Rahoui Moez, Ouanes Yassine, Kays Chaker, Mokhtar Bibi, Mrad Dali Kheireddine, Sellami Ahmed, Ben Rhouma Sami, Nouira Yassine
Urology Department La Rabta Hospital, Tunis, Tunisia.
Ann Med Surg (Lond). 2022 Apr 29;77:103696. doi: 10.1016/j.amsu.2022.103696. eCollection 2022 May.
Ischemic Priapism is defined as an abnormally prolonged state of erection, exceeding 6 h, often and irreducible, occurring without any sexual stimulation. Ischemic priapism has a fatal consequence on the sexual function of men if it's not promptly managed. This pathology can cause erectile dysfunction and this can alter the quality of life of patients.
The aim of our study was to determine the factors influencing erectile function after treatment of ischemic priapism.
This is a ten-year retrospective, descriptive and analytic study of 40 patients who consulted the urology department at the university hospital center for treatment of ischemic priapism (2010-2019).

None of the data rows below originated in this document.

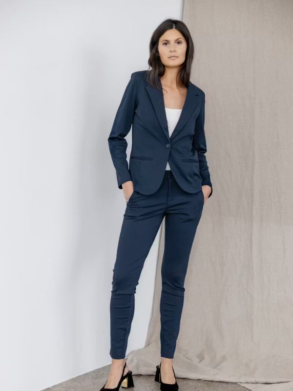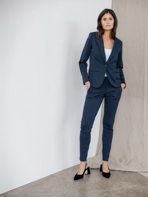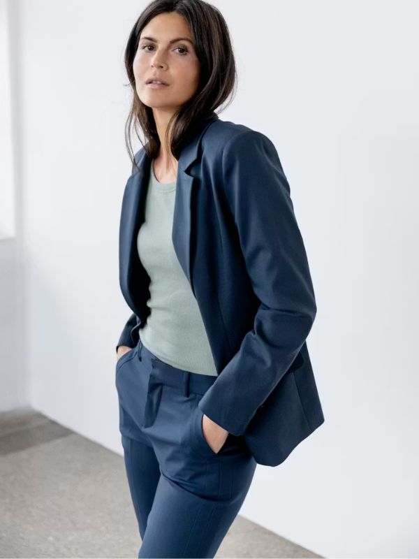 Αυτό το γυναικείο σακάκι σε στενή γραμμή προσφέρει ένα μοντέρνο επαγγελματικό στυλ.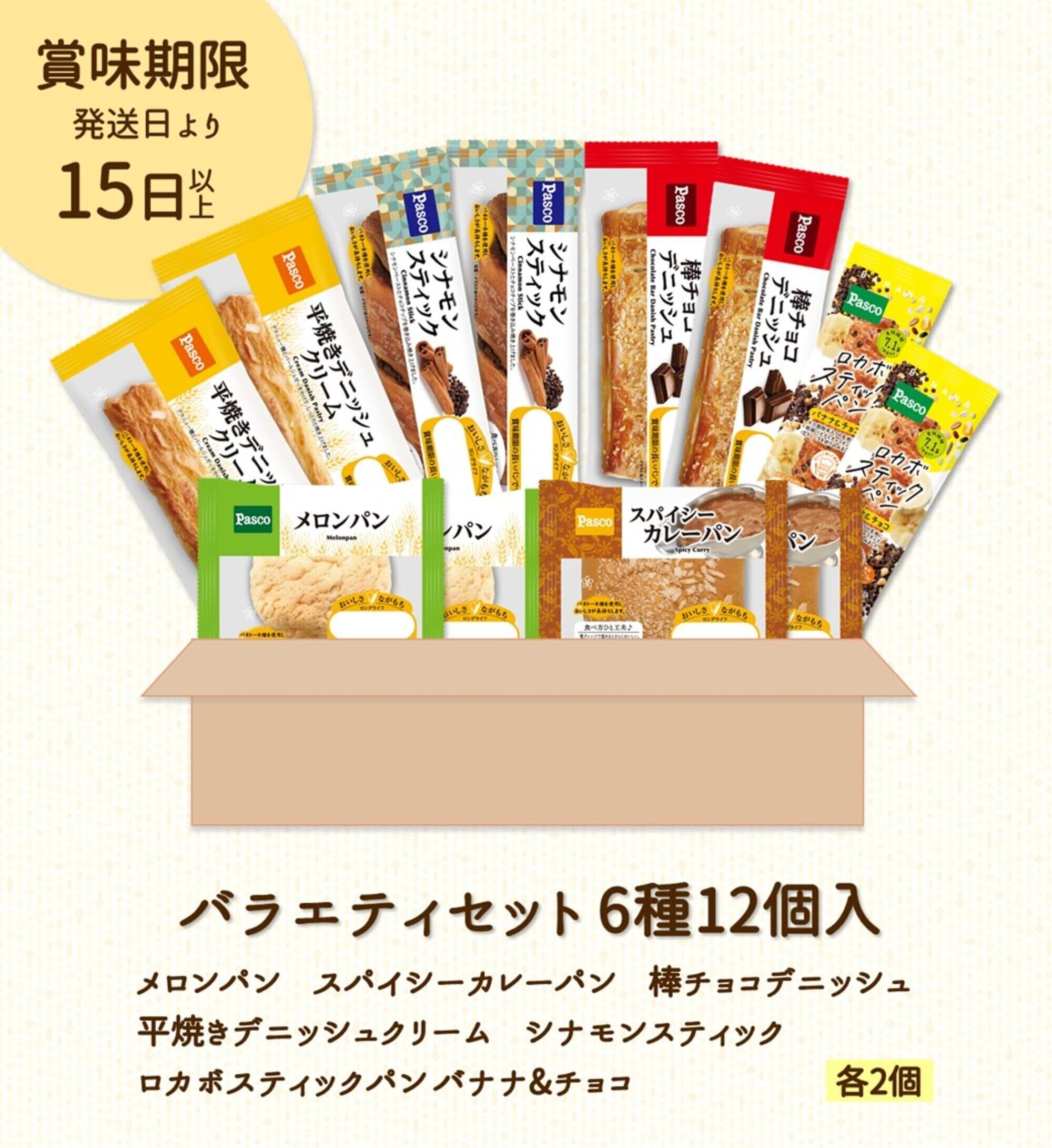 商品名を変更しました【旧】Pasco ロングライフアソートC 6種12個入→【新】Pasco 日持ち長持ち バラエティセット 6種12個入 ※在庫管理の都合上、旧品名が記載されている商品をお届けする場合がございます。商品の内容は全く同じですので、ご了承ください。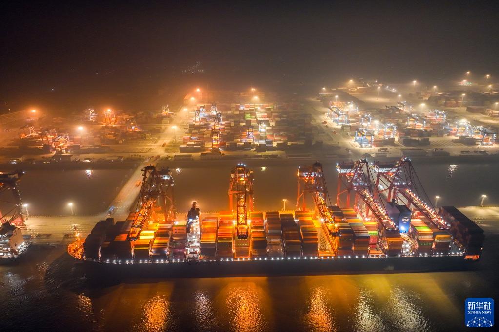 1月1日,集裝箱輪在寧波舟山港金塘港區大浦口集裝箱碼頭進(jìn)行裝卸作業(yè)(無(wú)人機照片)。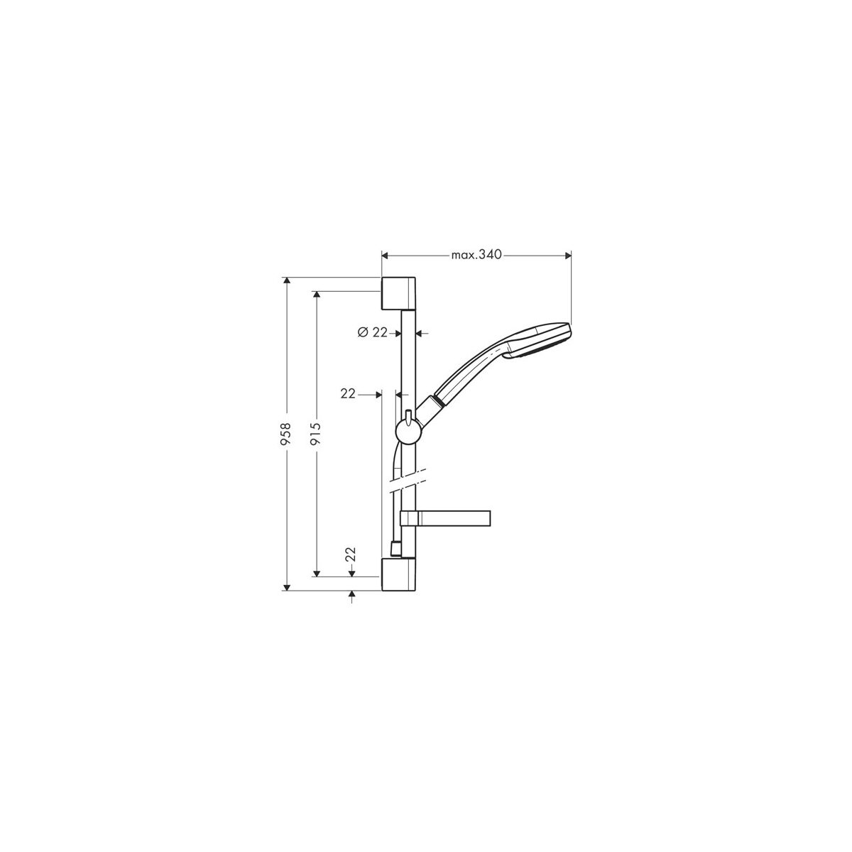 - Sprchová tyč (délka 959 mm, průměr 22 mm)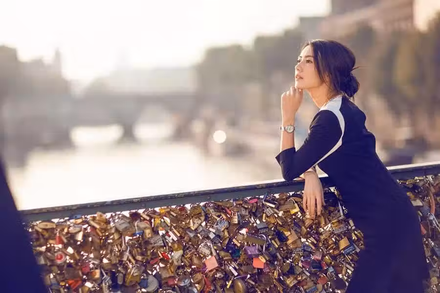 一些旅行場地,都有一些欄桿,比如海邊、江邊、路邊,都可以讓自己像下面的女士一樣,靠在欄桿上,然後眼神自然的看著遠方,抬手托下下巴都可以,自然愜意舒服又有意境。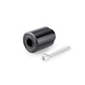 Mecanizados a partir de un bloque de aluminio Ergal 7075 de altas prestaciones y anodizados en color negro. Substituye el contrapeso original del lado izquierdo de la motocicleta para conseguir una simetría perfecta en el caso de montar el protector de maneta de freno en el lado derecho.
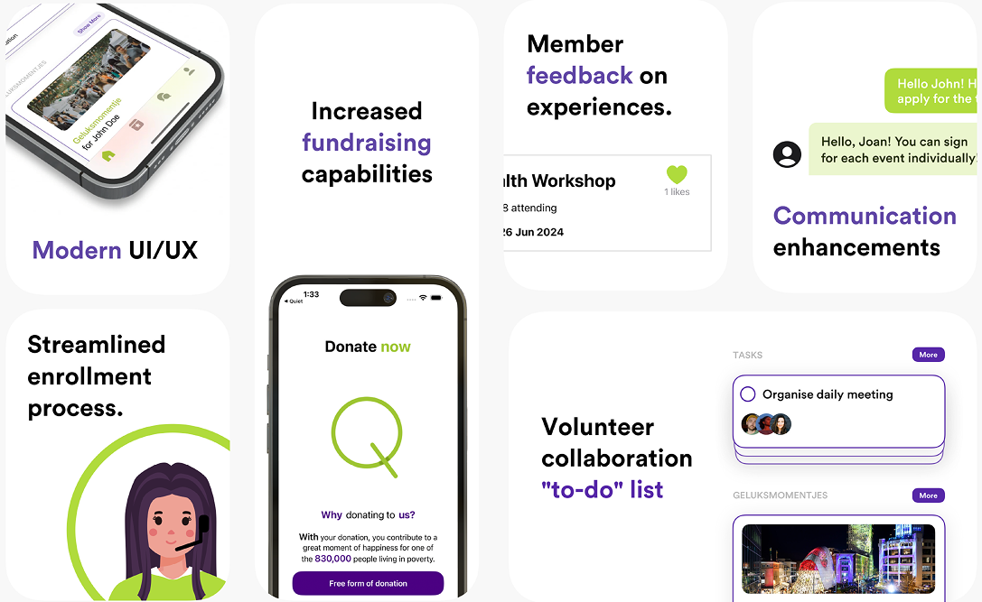 The solution was divided into two applications — one for sponsors and volunteers to manage offers and coordinate activities, and another for community members to view and request “geluksmomentjes.” Both are designed with clarity and inclusivity in mind, making it easier for everyone to connect, communicate, and contribute to Quiet Eindhoven’s mission of reducing hidden poverty.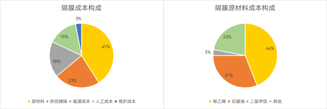 隔膜的成本主要包括原料成本、能源成本、人工成本及折旧摊销等。其中原料成本占比最大,约为41%,主要为制作隔膜所需的主材和辅助材料,其中包括主材PE、PP和辅材石蜡油(白油)、二氯甲烷等等,合计占比近80%;高占比的折旧摊销,则是受隔膜行业设备成本格外高影响,这一点将在下文详述 [3]。

We included 40 patients in our study. The mean age was 35.2 [18-62]. Duration of priapism varied from 20 to 360 h (mean 76.6). The most common etiology of priapism was sickle cell disease in 65% of cases. The mean preoperative IIEF-5 score was 23 [21-26]. All patients underwent corporal aspiration with an injection of ephedrine, but detumescence was observed in only 10% of cases. Thirty-six patients had a distal shunt with detumescence in approximately 70% of cases. Eleven patients underwent a distal shunt but seven patients had definitive fibrosis. After the episode of priapism, only eight patients retained normal erectile function. The mean postoperative IIEF-5 score was 14 [ 7-26]. We noted an improvement in erectile function in 8 patients treated with tadalafil. In multivariate analysis, we have demonstrated that a treatment delay exceeding 48 h, fibrosis and the necessity of a distal shunt significantly affects postoperative erectile function (p = 0.001; p = 0.002; p = 0.002 respectively).
According to our study, delayed management exceeding 48 h, fibrosis and the necessity of a surgical distal shunt are three independent factors affecting erectile function after treatment of ischemic priapism.
缺血性阴茎异常勃起被定义为一种异常延长的勃起状态,持续超过6小时,通常不可缓解,且无任何性刺激。如果不及时处理,缺血性阴茎异常勃起会对男性性功能产生致命后果。这种病症可导致勃起功能障碍,进而改变患者的生活质量。
我们研究的目的是确定影响缺血性阴茎异常勃起治疗后勃起功能的因素。
这是一项为期十年的回顾性、描述性和分析性研究,研究对象为40例因缺血性阴茎异常勃起前往大学医院中心泌尿外科就诊的患者(2010 - 2019年)。
我们的研究纳入了40例患者。平均年龄为35.2岁[18 - 62岁]。阴茎异常勃起的持续时间从20小时到360小时不等(平均76.6小时)。阴茎异常勃起最常见的病因是镰状细胞病,占65%的病例。术前国际勃起功能指数-5(IIEF-5)平均得分为23分[21 - 26分]。所有患者均接受了阴茎海绵体穿刺并注射麻黄碱,但仅10%的病例观察到消肿。36例患者进行了远端分流术,约70%的病例实现了消肿。11例患者接受了远端分流术,但7例患者出现了永久性纤维化。阴茎异常勃起发作后,只有8例患者保留了正常勃起功能。术后IIEF-5平均得分为14分[7 - 26分]。我们注意到8例接受他达拉非治疗的患者勃起功能有所改善。在多变量分析中,我们证明治疗延迟超过48小时、纤维化以及进行远端分流术的必要性均显著影响术后勃起功能(分别为p = 0.001;p = 0.002;p = 0.002)。
根据我们的研究,治疗延迟超过48小时、纤维化以及进行手术远端分流术的必要性是影响缺血性阴茎异常勃起治疗后勃起功能的三个独立因素。